That said, I'll make some observations:

  • We're using argv[1] without checking whether any arguments were supplied (we should test argc >= 2 before using argv[1] - possibly check argc == 2, since we ignore any extra arguments).
  • There's a time-of-check/time-of-use (TOCTOU) race, because we examine the supplied file and later assume the properties haven't changed (we we get to running it).
  • Using system causes the supplied argument to be parsed as a shell command, which will do word splitting, expand variables and globs, and more.
  • Using a shell script from a privileged program is vulnerable to the script being changed between the interpreter being started and it opening the script to read commands (e.g. by switching symlinks).

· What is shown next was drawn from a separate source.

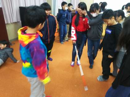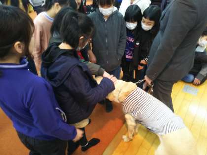 また、視覚障がい者や盲導犬との接し方についても教えていただきました。ハーネスを外したソニックは、「今は休憩〜♪」と言わんばかりに頭やしっぽをふっていました。子どもたちも、ソニックや白杖に触れて、濱田さんの気持ちを感じていました。

It's quite easy to exploit this script to execute anything I want on your system, if there's a directory I can write to:

  1. ln -s /bin/true 'ls -l ~root; id; cd; echo rm -rf; true .sh'
    
  2. /some/path/run-as ls*.sh
    

We can avoid using system() (and accept extra arguments if we choose), by using execv() instead:

            if (match && !strcasecmp(match, ".sh"))
            {
                execv(argv[1], argv+1);
                /* if we got here, exec failed */
                /* so fall through to return 1 */
            }

This does still leave us vulnerable to a user creating a symbolic link to a root-owned file and rewriting it to point to the user's file between the access check and the exec(), though.


In short: please use sudo if you really have to run some things as root. Configured properly, it can give tight control on the commands you can execute with elevated privileges. It's not completely attack-proof, but it is much better than writing your own (it has had decades of scrutiny to improve it).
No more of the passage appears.